In the front row, a girl answers the question about scientific models. She says that her mother has gone back to university. The girl has two younger siblings and sees how her mother strugles juggling everything. However, she also says that she has never seen her so happy.
Joana Porcel asks the public for their participation Avencia Sánchez-Mejías answers one of the questions The speakers laugh while Gemma Perelló leads to a question
The speakers also reply to the question of the models: many of them had a teacher or scientist as a point of reference, but in general there were few. Marta points out that in her case there were no known trans women that could be a model for her, and that she is pleased to see that there are more and more nowadays. That is not the case, she says, for trans men, of which there aren’t many visible as references.
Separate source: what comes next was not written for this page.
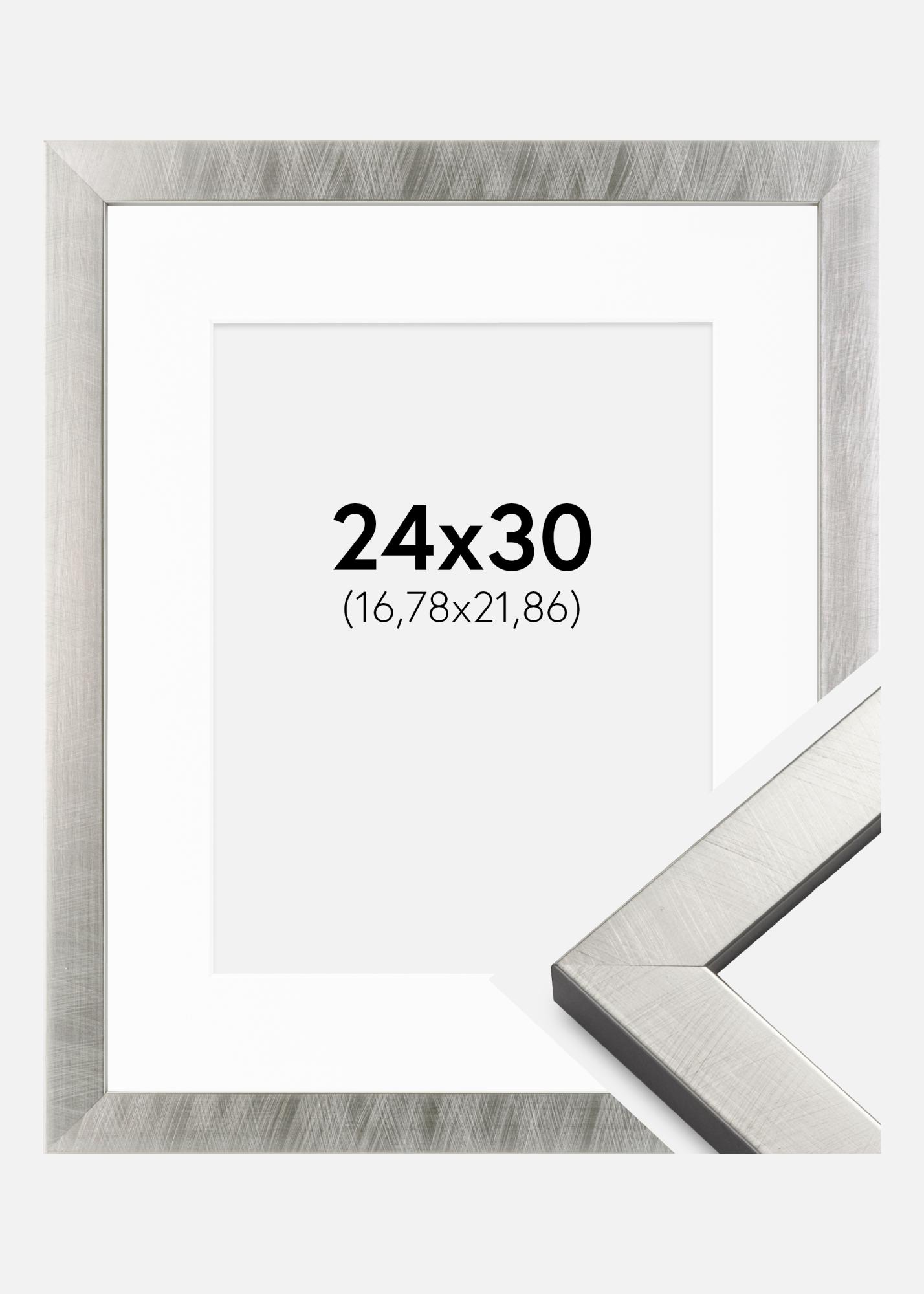 Kehys Uppsala Hopeanvärinen 24x30 cm - Passepartout Valkoinen 7x9 inches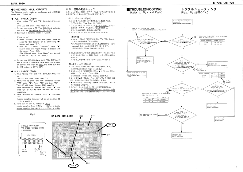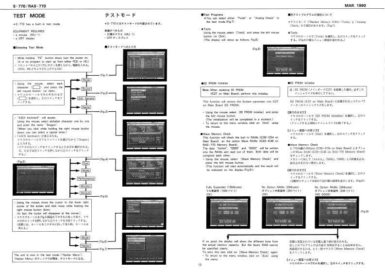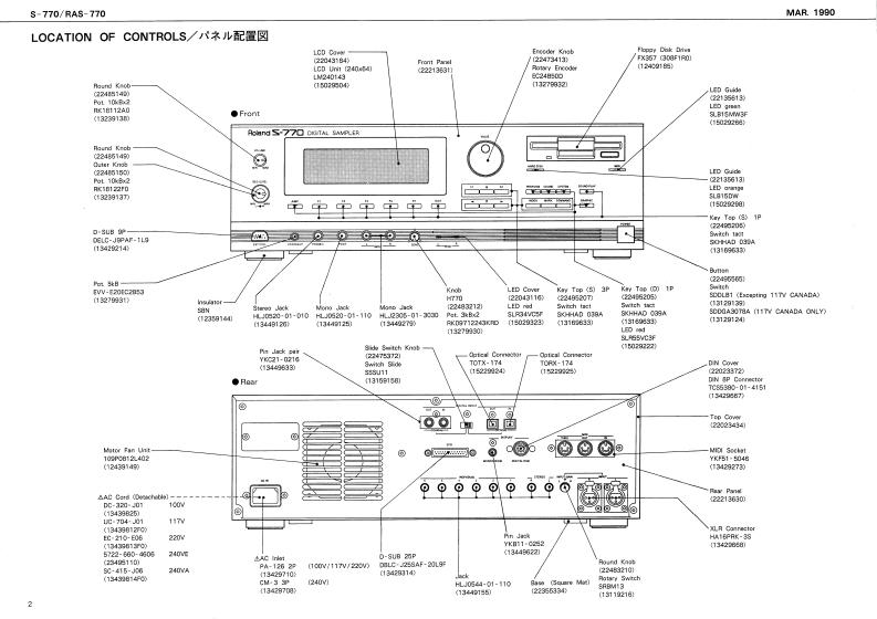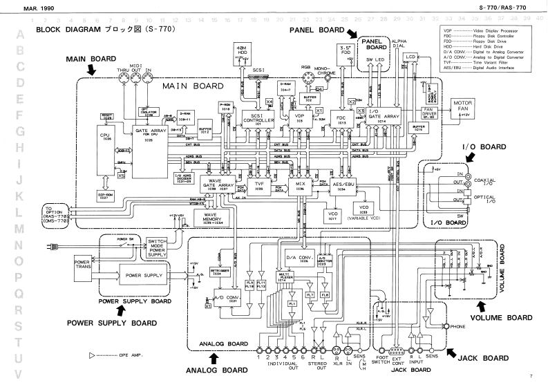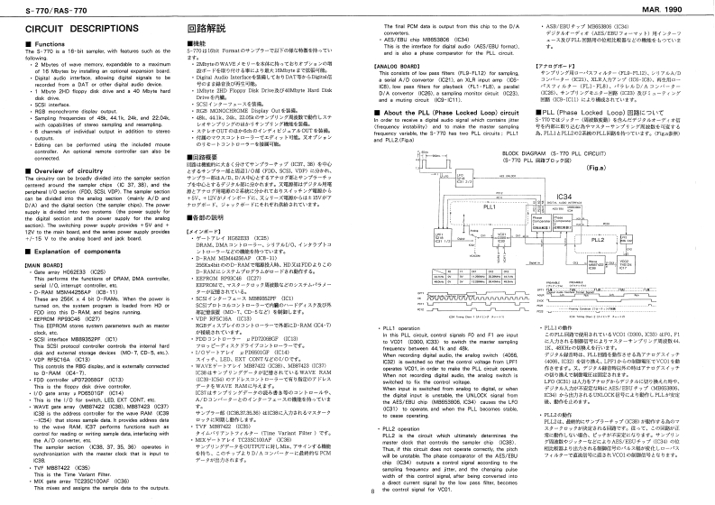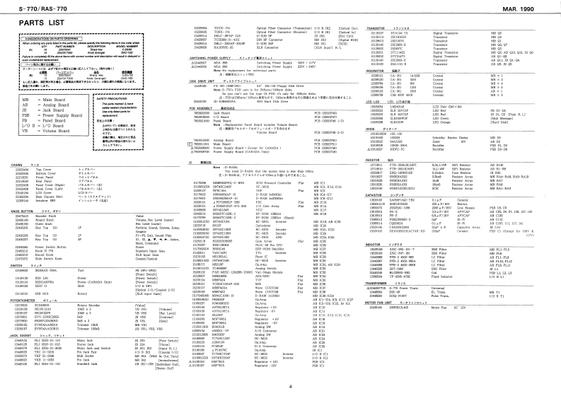 MAR.1990S-770/RA8-770S-77▣/A577▣SERVICE NOTESTABLE OFCONTENTS目次PageDIGITAL SAMPLER/MEMORY B0AAOFirst Editions770S-770SPECIFICATIONS (S-770)LOCATION OF CONTROLS代京儿配置闪2EXPLODED VIEW分因‘PARTS LIST=岁少之卜MOUSE (MU-1)72入MU-1)DISASSEMBLY PROCEDURES7w分解手顺BLCCK DIAGRAM口y國87CIROT DESCRIPTIONS国路解以CHECKING (PLL CIRCUIT)助作于x厚夕PLL回)89TROUBLESHOOTINGTEST MODE于天下无=书10.11"S-770 CHECK DISK"MANUAL岁-770 CHECK D5X“取保时男12-14NOTE (REPLACENG INTERNAL HARD DISK)肉量y一K于(又夕交镜時0生意14IC DATAC严=夕ANALOG BOARD了十口夕术一1617POWER SUPPLY BOARD面薄术一K16.1MAIN BOARD18.19.21SWITCHING POWER SUPPLY入千罗子少夕覆源20I/O BOARD/O术-Np-T7ERGB CABLE08ヶ-ブ儿21JACK BOARD5卡岁夕求一N1PANEL BOARD辛是术一NVOLUME BOARD求)ュ一4术一NRCHANGE INFORMATION贵更率内RAS-770RAS-770卡41线1P"SPEC白FICATIONS天风2夕0m0间02%141事州地有到1PARTS LIST《一岁少x卡1MEMCRY BOARD毛)一湘一F2,3TIMING BOARD多术三岁求一N2.3Top CawrFiont Pandl22023434122213311一F0um0knwt35T30gF100Panel Cover (Lefo(124001852202348220223459mNate Soe 0og0 2 ter more doras。CAUTION:an5nen&uo coov od hand disk白tn生量!:八-F(三步8T,97y了多止3T《老a4RolandPrinted in Japan Al-2 (DP)1Cepyright 1190 by NoLAND CORPORATION

Finally, some questions are asked from the audience. One person asks if the speakers had experienced any sexist attitudes. More than one case comes up. Elena heard a male researcher say ‘you shut up, baby’ to another female researcher. This causes a stir in the audience. Heura points out that because women are more cautious, they are less listened to. She has seen how the same idea proposed by a woman is not accepted because it is presented as a possibility: ‘what if we do this or that?’ However, when the same idea is repeated by a man in a more categorical way, it is accepted. Now, when she sees these attitudes, she tries to counteract them.
The round table ends with a final question from Gemma to the speakers: ‘Would you go down the same path again?’. Opinions vary. Many would, although others, perhaps, would have taken alternative options. It is 11:30am. A round of applause for all, and the schools are leaving, again in droves. Only a group stays behind to have their photo taken with the speakers. Outside, it is now raining.